• SOURCE DATA:
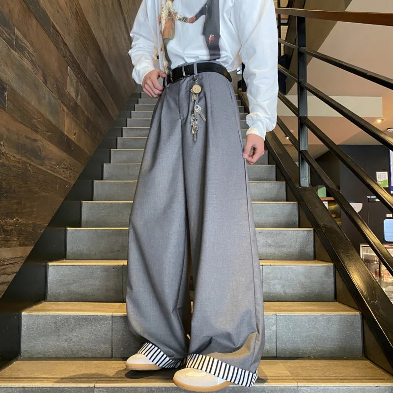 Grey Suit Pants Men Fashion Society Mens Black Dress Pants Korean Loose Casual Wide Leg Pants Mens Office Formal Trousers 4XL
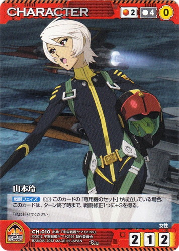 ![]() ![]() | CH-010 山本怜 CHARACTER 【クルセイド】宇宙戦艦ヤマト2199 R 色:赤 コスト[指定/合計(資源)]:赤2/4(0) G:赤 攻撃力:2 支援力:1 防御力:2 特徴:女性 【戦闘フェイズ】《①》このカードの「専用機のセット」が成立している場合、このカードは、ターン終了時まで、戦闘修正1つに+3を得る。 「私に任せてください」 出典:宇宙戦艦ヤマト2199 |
* * *
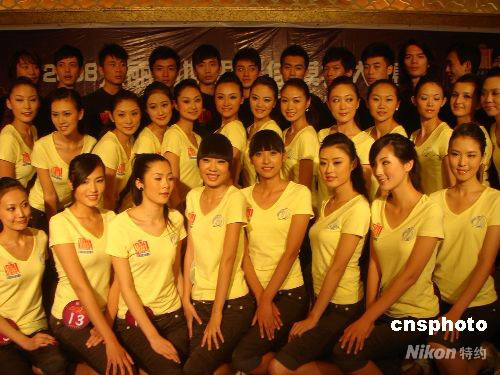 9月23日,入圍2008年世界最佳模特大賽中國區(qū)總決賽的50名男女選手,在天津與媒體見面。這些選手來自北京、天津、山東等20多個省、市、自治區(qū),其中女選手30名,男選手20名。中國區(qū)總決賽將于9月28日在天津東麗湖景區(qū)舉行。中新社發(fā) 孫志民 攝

• WHAT YOU HAVE TO DO: Because only one stretch of the records is wanted, please output the lines from the one holding "Grey Suit Pants" through the one holding "CH-010 山本怜 CHARACTER" exactly, both included, and leave every picture out.

• RESULT:
 Grey Suit Pants Men Fashion Society Mens Black Dress Pants Korean Loose Casual Wide Leg Pants Mens Office Formal Trousers 4XL
 ![]() ![]() | CH-010 山本怜 CHARACTER 【クルセイド】宇宙戦艦ヤマト2199 R 色:赤 コスト[指定/合計(資源)]:赤2/4(0) G:赤 攻撃力:2 支援力:1 防御力:2 特徴:女性 【戦闘フェイズ】《①》このカードの「専用機のセット」が成立している場合、このカードは、ターン終了時まで、戦闘修正1つに+3を得る。 「私に任せてください」 出典:宇宙戦艦ヤマト2199 |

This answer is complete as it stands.